Please help me with this asap guys:confused


----------



## GTO JUDGE (May 14, 2005)

The mechanism is worn to the point its failing. Repair or replacement is now inevitable. Graphite or a dry teflon lube will help with the friction but your issue is beyond lubrication.

The best bet for longevity on NOT having his problem is to keep the weight off the key fob. The weight from added house keys, other car keys and such weighs the key fob and the metal to metal wears excessively. Not to say this is the only reason for this but the added weight contributes to excessive more rapid wear on the mechanism.


----------



## hockey499s (Sep 22, 2009)

Do you know where i could take it to get fixed since pontiac is not an option any more?


----------



## GTO JUDGE (May 14, 2005)

hockey499s said:


> Do you know where i could take it to get fixed since pontiac is not an option any more?

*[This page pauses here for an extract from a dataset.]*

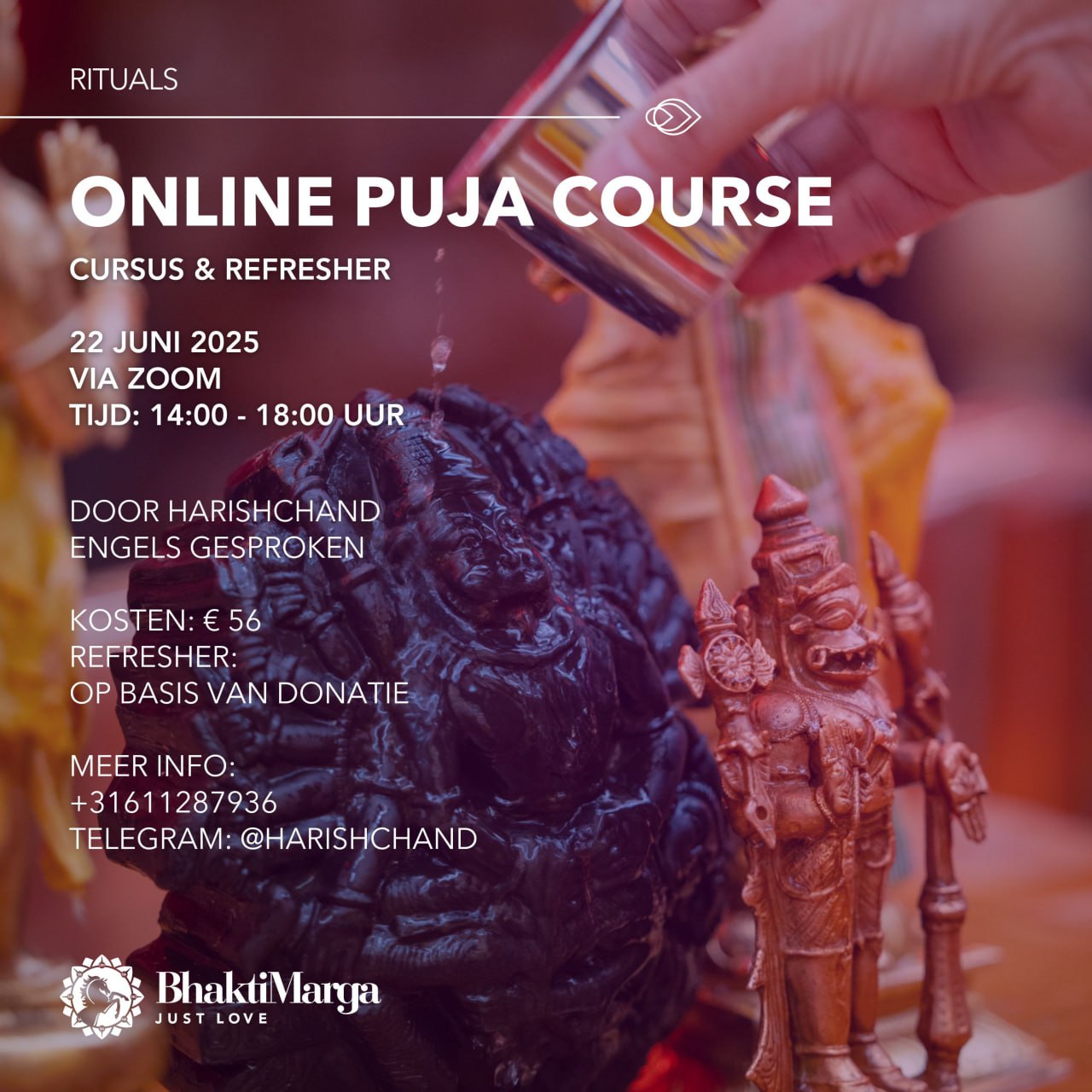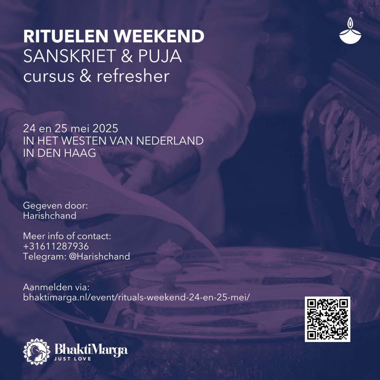 RITUALS WEEKEND >>West Nederland<<Sanskriet, Puja & Abhisekam cursus & opfrissing.(24/25 mei) INHOUD:# Zaterdag 24 mei – Sanskriet cursus# Zondag 25 mei – Puja & Abhisekam OPTIONEEL:– OM zingen– Kirtan / heiligenfilms zaterdagavond VEREISTEN:Sanskrit & Puja cursus iedereen kan deelnemen, toegewijden of nieuwkomers. Abhisekam cursus alleen na het doen van eenvoudige puja voor minimaal 3 maanden. […]

If you want a dealer to fix it why not call a former Pontiac Dealer, they still perform service. I'd also consider a locksmith versed in auto locks.


----------



## hockey499s (Sep 22, 2009)

Ok, Thanks a lot.


----------



## atx63bravo (Apr 11, 2011)

*Having the same exact problem*

I am currently experiencing the same issues as you. I am noticing that when it is REALLY hot out side, about 100 degrees, the key gets pretty much impossible to turn until the temperature in the car lowers and then I can generally get it going. I have been doing alot of looking into this and I feel confident in replacing the ignition cylinder sleeve. I just ordered my new one for about 35 shipped from gmpartsdirect.com, and the part number is 92234035. Also, watch this video on Youtube, it seems like it is pretty easy to do. 



 (sorry mods if I should not have put a link in here, delete if necessary. ) For the price and relative ease of install I would go ahead and do it as a preventative measure. Hope this helps ya out.


----------